14  Introduction

When we look at a network, we don’t just want to describe what we see. We want to understand why the connections exist and how they shape the bigger picture. That’s where statistical network models come in. Unlike purely descriptive approaches, models enable us to infer the underlying processes that generate network structures.

What makes modeling a powerful statistical tool is that they don’t just summarize the data we already have, but instead dig deeper to uncover the hidden rules that shape the network. They let us test ideas, explore patterns, and even predict how networks might evolve. Of course, no model can fully capture the complexity of the real world, but they provide useful blueprints for understanding the mechanisms forming and driving the system.

14.1 The Challenges of Network Modeling

Most traditional data analysis treats the world like a collection of independent units; people, companies, events, each with their own neatly packaged characteristics. This monadic approach assumes that what happens to one entity has no impact on another, much like strangers sitting silently in a waiting room. This assumption, known as independent and identically distributed (i.i.d.) data, underlies most statistical models.

But network data laughs in the face of independence. Here, the unit of observation isn’t the individual, but the relationships between them; whether it’s friendships, collaboration or trade agreements. These relationships (or ties) don’t exist in isolation; they overlap, influence each other, and evolve in complex ways. When walking down the street, you do not let the flip of a coin determine whether you will befriend a by-passer or not.

A defining feature of network data is that one tie can change the likelihood of another forming.

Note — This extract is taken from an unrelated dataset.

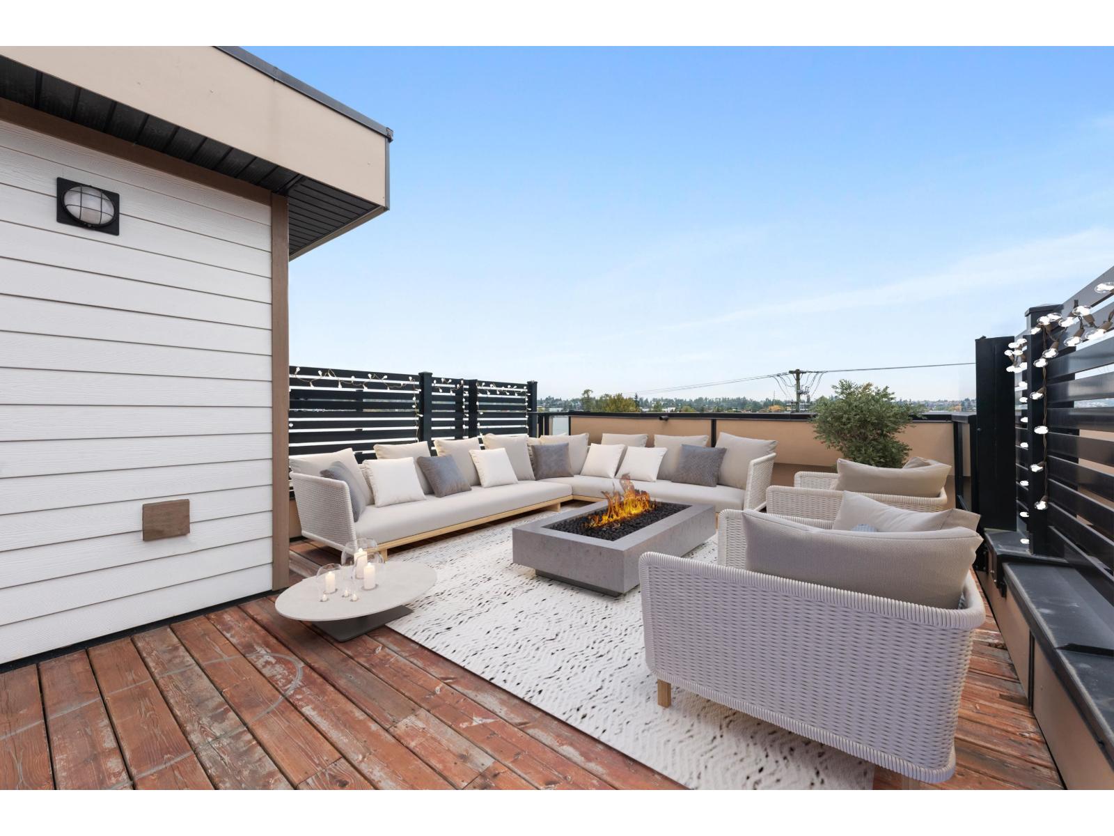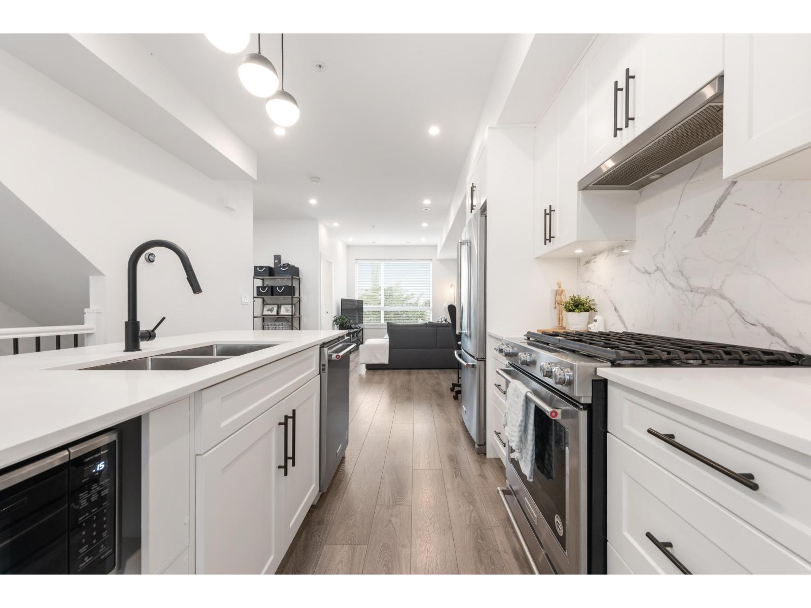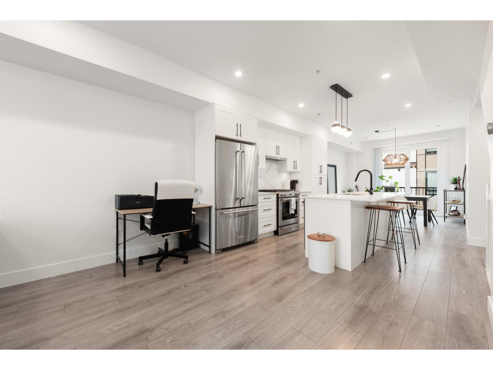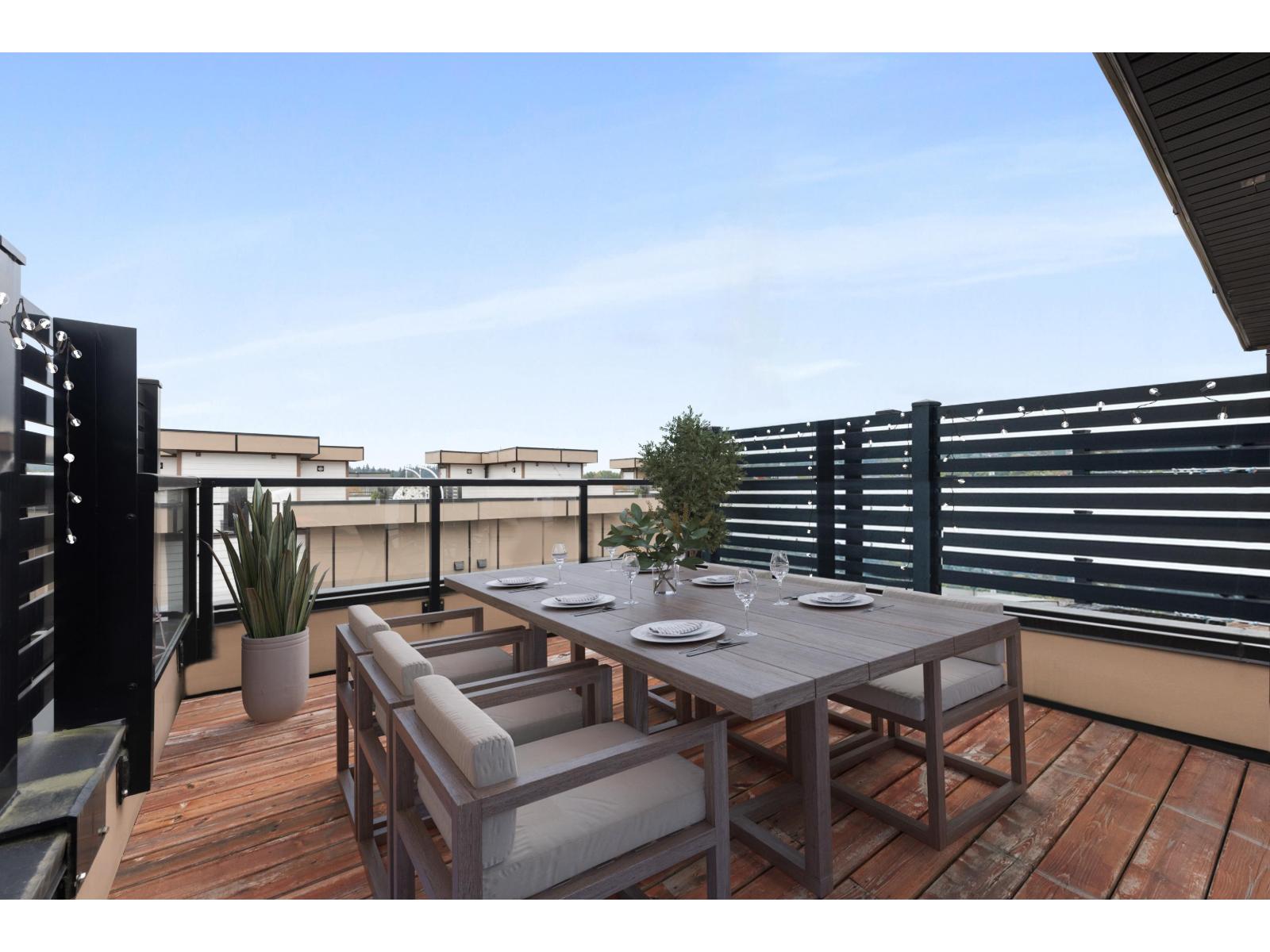 Welcome to Winston Terraces - a boutique collection of 26 thoughtfully crafted homes in the heart of Langley. This modern 2-bed, 3-bath townhome blends contemporary design with everyday comfort. The main floor features an open-concept layout with high ceilings, rich laminate flooring, & a stylish kitchen complete with quartz countertops, stainless steel appliances, & an oversized island perfect for entertaining. You'll also love the added comfort of air conditioning during the warmer months. Upstairs, enjoy two spacious bedrooms, including a bright primary suite with its own ensuite bath. Head up to your massive rooftop patio for morning coffees, sunset dinners, or weekend BBQs - an entertainer's dream! Ideally located just minutes from downtown Langley, shops, dining, parks, & Fraser Hwy, this home truly delivers the best of urban convenience & modern living. (id:58403)

Think of social circles: if Alice and Bob are both friends with Carol, odds are Alice and Bob will become friends too. This phenomenon (triadic closure), explains everything from friend groups to why your LinkedIn keeps suggesting you connect with your ex’s new colleague.

Unlike spatial or temporal dependencies, where values near each other in space or time are correlated, network dependencies aren’t just noise to correct for; they’re the main event. Instead of being a nuisance, these dependencies are precisely what we study to understand how networks form and evolve.